Walmgate is a street in the city centre of York, in England. During the Medieval period, the street was the site of a seafissh and cattle market. Walmgate Bar, was involved in the Siege of York in 1644, during the First English Civil War. During the 20th century, many of the older buildings were cleared away and newer structures put up.

History

The street lay outside Roman Eboracum, and although it was crossed by a Roman road, evidence of occupation in the period is limited to two wharfs on the River Foss, and some burials.  The road appears to have developed in the Viking Jorvik period, during which it mostly hosted industrial and commercial uses.

The street was first mentioned in about 1080, as "Walbegate", suggesting it may be named after an individual called "Walba".  Walmgate Bar, the gate at the south-east end of the street, was built before 1155, but the section of the York city walls enclosing the street was built later: permission to construct this section of the walls was granted in 1267, and they were not completed until 1505.
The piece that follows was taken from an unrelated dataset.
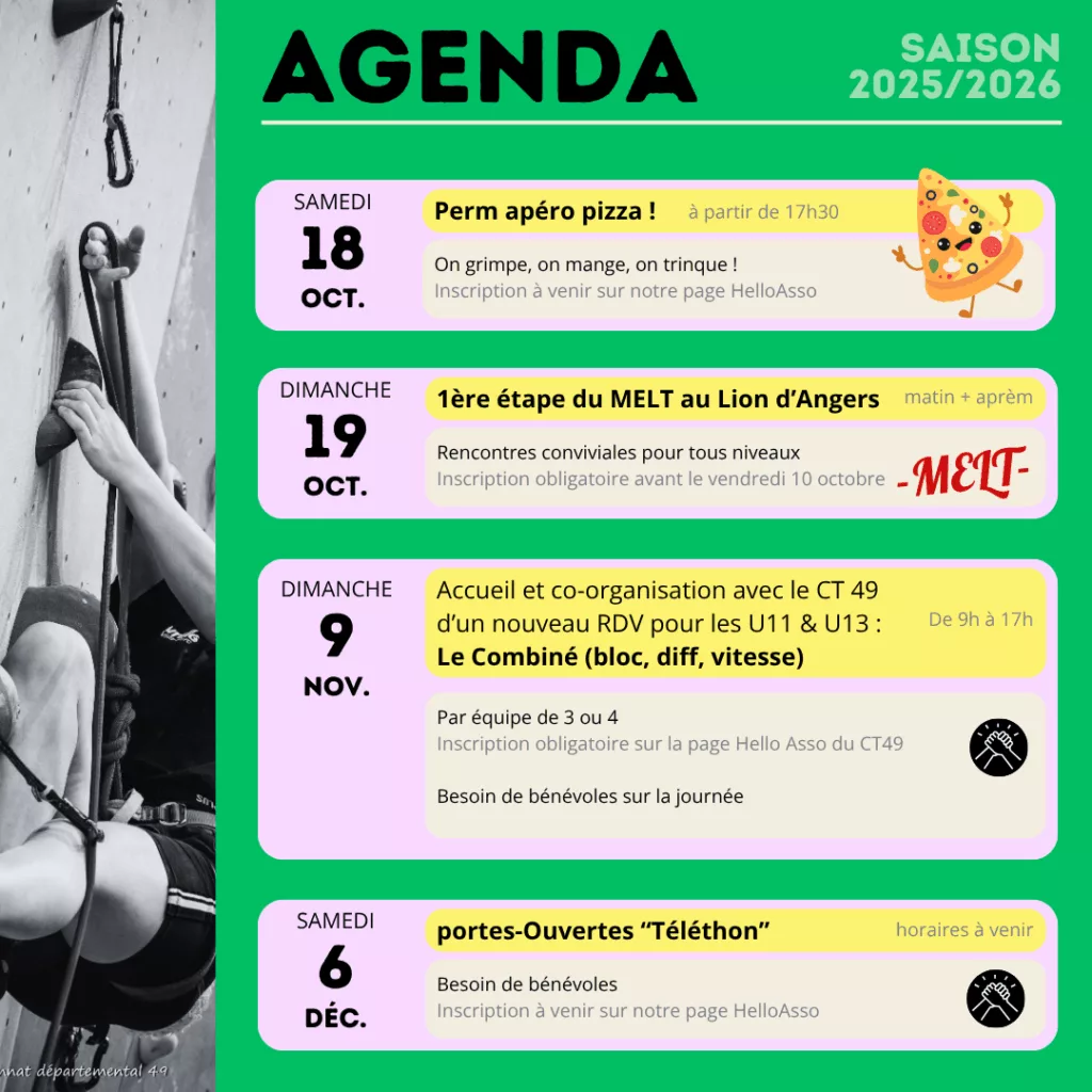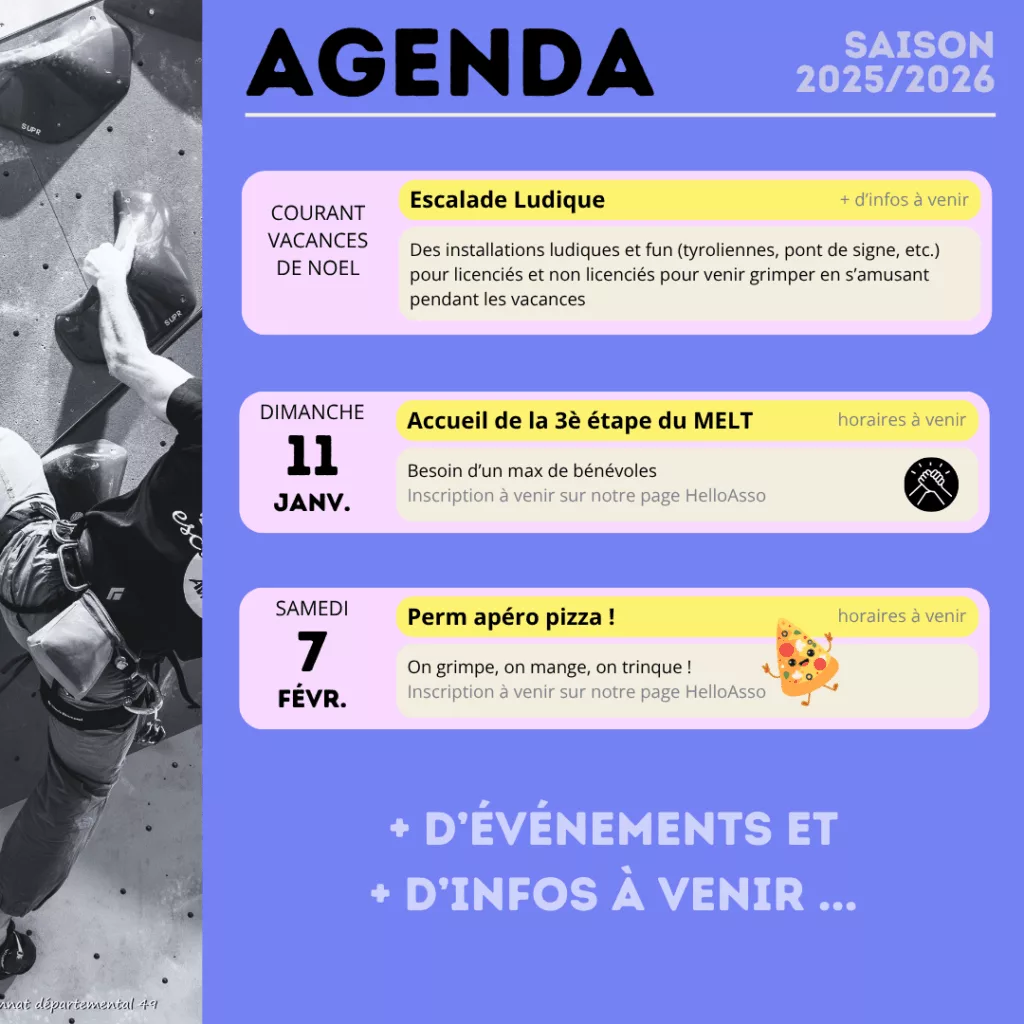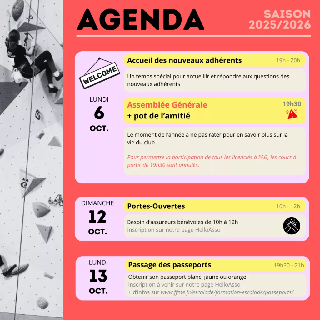 Tous les 2 mois environ, le club organise des portes-ouvertes pour faire (re)découvrir l’escalade au grand public. Prochaines PO les dimanches : 14 septembre, 12 octobre et 6 décembre 2025 (de 10h à 12h).

By 1200, Walmgate was an important street, with four churches: St Denys, St Margaret, St Mary and St Peter-le-Willows, of which the first two still survive.  The Haberdashers' Hall was built on the street, as were large houses for the Percy and Neville families.  Many of the boundaries between building plots date from this period.  The area around St Margaret's church became known for fullers.

A seafish market was held on the street in the Mediaeval period.  In 1590, a cattle market was established, held every second Thursday, and from 1632, an annual cattle fair was also held.  By the 19th-century, it was causing serious congestion on the street, and in 1826 was moved to a dedicated cattle market outside the walls.
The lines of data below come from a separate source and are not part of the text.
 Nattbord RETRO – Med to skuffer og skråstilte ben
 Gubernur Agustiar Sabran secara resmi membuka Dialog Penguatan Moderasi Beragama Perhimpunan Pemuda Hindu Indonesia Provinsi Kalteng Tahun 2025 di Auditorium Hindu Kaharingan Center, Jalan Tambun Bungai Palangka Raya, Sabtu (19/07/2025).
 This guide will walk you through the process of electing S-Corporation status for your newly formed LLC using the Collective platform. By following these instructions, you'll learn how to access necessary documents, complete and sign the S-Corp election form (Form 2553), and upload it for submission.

Walmgate Bar was the focus of the Siege of York in 1644, and some buildings on the street were damaged, although most of the destruction occurred outside the city walls.

In the 1840s, many immigrants from Ireland moved to Walmgate, and by the end of the decade, it and the surrounding streets and alleys housed half of the population of the whole city.  Overcrowding and poverty were rife.  St George's Catholic church was built a short distance from the road.  The street also became known for its pubs, peaking in 1901 with 20 on the street.  There was also some industry: the Victoria Iron Foundry and Walker Foundry (who made the York Minster Lamp Standard around 1860), Caroline Place linen mill, and a brewery.

Many buildings on the street were demolished as part of slum clearance schemes in the 20th-century, and since 1950, some council flats have been built.  Nikolaus Pevsner described the street as "depressing" in 1972, but by 1995, David Neave described it as "improved... most of the waste spaces have been filled, but there is still much to be done".  It is currently lined with a mix of independent shops, pubs and restaurants, offices and housing.

Layout and architecture

The street runs south-east, from Foss Bridge over the River Foss, continuing the route of Fossgate.  At the other end, it runs through Walmgate Bar, then ends at the city's inner ring road, at the junction of Lawrence Street, Barbican Road and Foss Islands Road.  Merchantgate, Dennis Street, St Denys Road, George Street, Margaret Street, and Hope Street all lead off the south-west side of the road, while Hurst's Yard, Paver Lane, and Navigation Road lead off the north-east side.

Notable buildings on the north-east side include Dorothy Wilson's Hospital, built in 1812; the 18th-century houses at 6, 8, 24 and 26-28 Walmgate; The Watergate Inn pub; a 15th-century timber-framed building at 32 Walmgate; 34 Walmgate, built about 1700; 68-70 Walmgate, and a warehouse behind 72 Walmgate, also of 18th-century origin; St Margaret's Church, now the National Centre for Early Music; and the Bretgate Flats, built in 1979, and described by Neave as "most successful".  On the south-west side are the 15th-century Red Lion pub, now often described as lying on Merchantgate; the 18th-century 9 and 11 Walmgate; 19 Walmgate, with a 16th-century wall; 23 and 25 Walmgate, both of 17th-century origin; 35-37 Walmgate, built in the 16th-century; the 15th-century 77 Walmgate; St Denys' Church; and Bowes Morrell House, built about 1400.